* **Recorded information**
=== Begin Enclosure ===

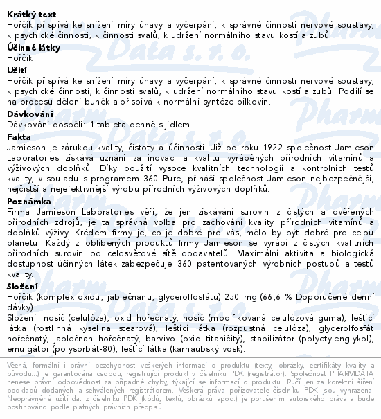 Hořčík přispívá ke snížení míry únavy a vyčerpání, k správné činnosti nervové soustavy, k psychické činnosti, k činnosti svalů, k udržení normálního stavu kostí a zubů.
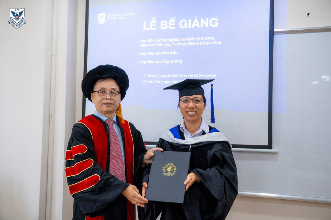 AmCollege tổ chức lễ bế giảng và trao chứng chỉ tốt nghiệp cho các học viên lớp Quản lý mầm non, Đào tạo bảo mẫu, cấp dưỡng
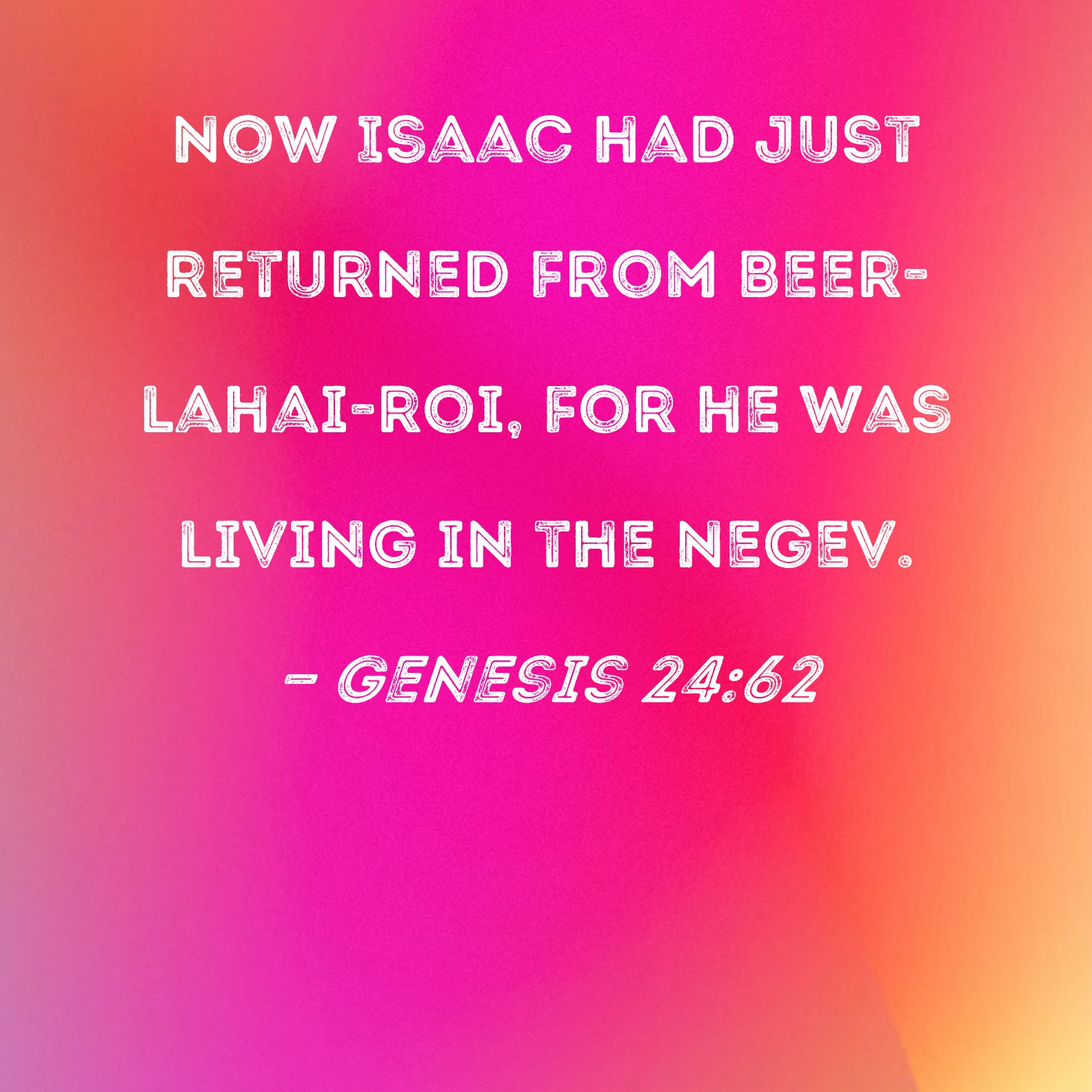 Genesis 24:62 Now Isaac had just returned from Beer-lahai-roi, for he was living in the Negev.

=== End Enclosure ===

* **Exercise goal**
In your copy, omit the pictures and restate every line of the data word for word.

* **Answer box**
 Hořčík přispívá ke snížení míry únavy a vyčerpání, k správné činnosti nervové soustavy, k psychické činnosti, k činnosti svalů, k udržení normálního stavu kostí a zubů.
 AmCollege tổ chức lễ bế giảng và trao chứng chỉ tốt nghiệp cho các học viên lớp Quản lý mầm non, Đào tạo bảo mẫu, cấp dưỡng
 Genesis 24:62 Now Isaac had just returned from Beer-lahai-roi, for he was living in the Negev.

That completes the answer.